Chodiev, le sulfureux milliardaire belge

Muriel Lefevre

Le Belgo-Kazakh Patokh Chodiev a créé en 1998 une banque offshore aux îles Cook. Qui est cet homme mystérieux, sulfureux, prêt à tout pour réussir en affaires ? Portrait d’un milliardaire qui ressemble à un personnage de Robert Ludlum.

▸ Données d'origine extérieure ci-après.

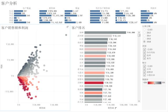 秉着人人都是数据分析师的方针,Tableau以极简且美观的界面风格为用户带来最流畅的操作体验,拖拽即可成形,且仪表盘中的各种图表都具有完全的交互性,引导探索数据的未知和可知。
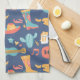 The images on this colourful and fun kitchen towel include a guitar, beer mug, cactus, sombrero, cow skull, cowboy boot, and more! The western images are placed on a medium blue background. Be sure to see the matching products in our store.

Le Belgo-Kazakh Patokh Chodiev, deuxième fortune de Belgique, a créé le 3 avril 1998, alors qu’il était déjà en délicatesse avec la justice belge, une banque offshore aux îles Cook, l’International Financial Bank Limited, révèle mercredi le journal Le Soir.
Pour obtenir sa licance bancaire, qui nécessitait des attestations de police témoignant de sa moralité, Patokh Chodiev, 60 ans, résident à Waterloo, n’a pas démarché le parquet de Nivelles -le parquet de Bruxelles et la Sûreté de l’Etat étaient déjà sur sa piste- mais a obtenu une attestation de moralité du parquet général du Kazakhstan, indique la mémoire informatique de la société fiduciaire TrustNet (Cook Islands) Limited, qui a réalisé l’opération pour le compte de Patokh Chodiev, et dont une copie est désormais dans les mains du réseau de journalistes d’investigation ICIJ.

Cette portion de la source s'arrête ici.